— What is needed —
Give again the lines from the line with "构造为:base_conve" to the last line of the records, exactly and in full. Do not carry over any pictures.

— Records supplied —
+---+

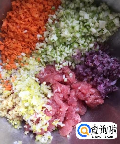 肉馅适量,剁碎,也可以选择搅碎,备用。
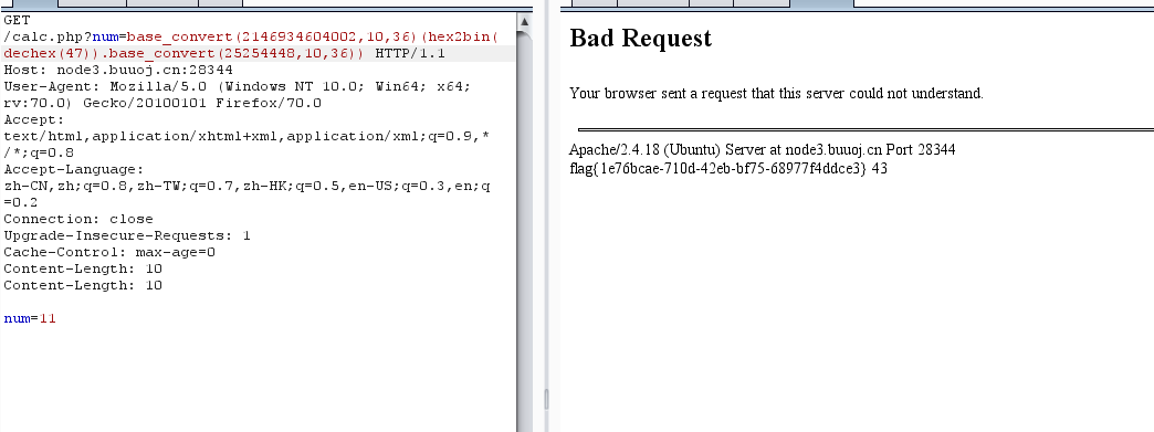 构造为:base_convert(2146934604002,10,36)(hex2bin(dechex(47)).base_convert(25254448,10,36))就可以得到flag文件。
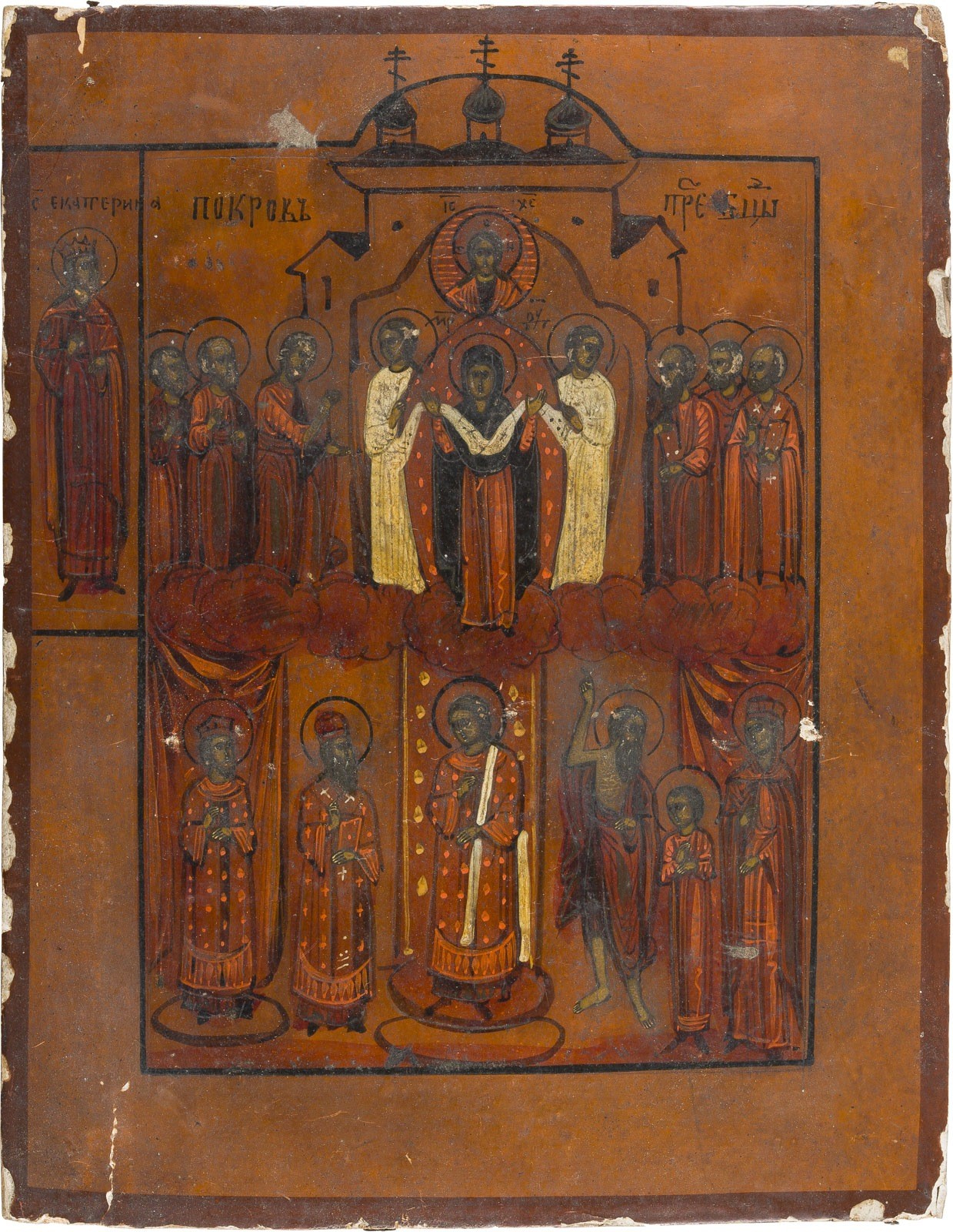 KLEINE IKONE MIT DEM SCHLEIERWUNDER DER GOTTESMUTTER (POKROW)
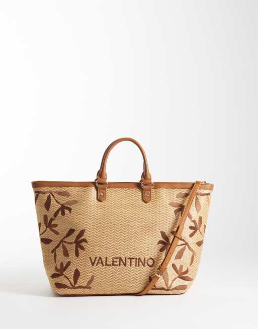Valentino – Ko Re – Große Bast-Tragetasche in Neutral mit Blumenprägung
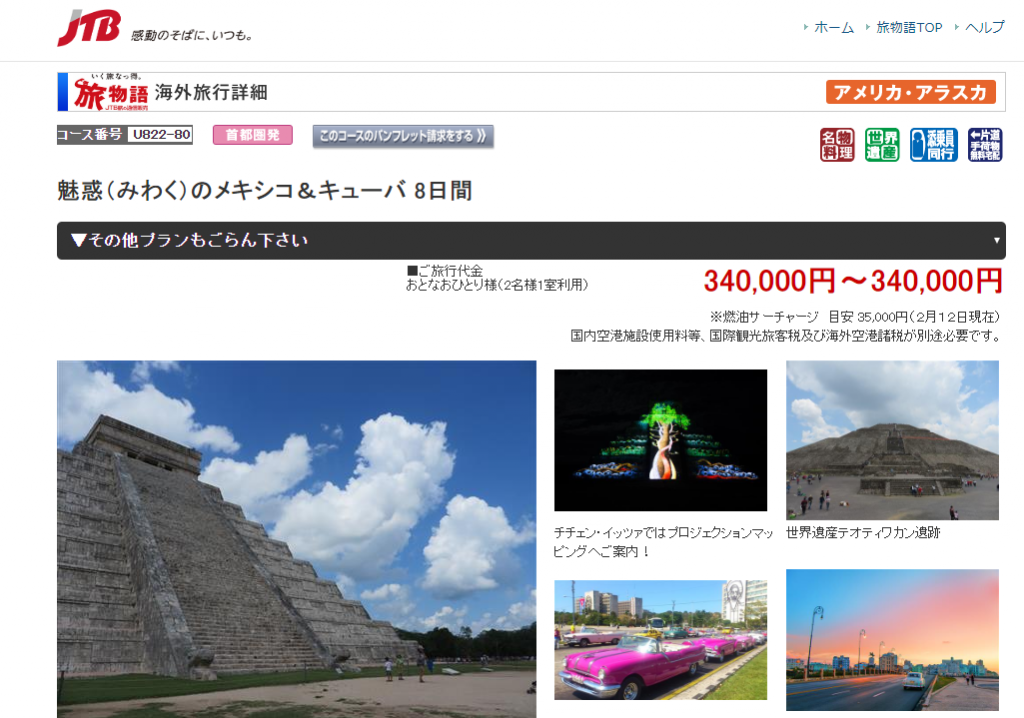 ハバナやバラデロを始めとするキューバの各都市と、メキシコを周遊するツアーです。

+---+

— Task response —
 构造为:base_convert(2146934604002,10,36)(hex2bin(dechex(47)).base_convert(25254448,10,36))就可以得到flag文件。
 KLEINE IKONE MIT DEM SCHLEIERWUNDER DER GOTTESMUTTER (POKROW)
Valentino – Ko Re – Große Bast-Tragetasche in Neutral mit Blumenprägung
 ハバナやバラデロを始めとするキューバの各都市と、メキシコを周遊するツアーです。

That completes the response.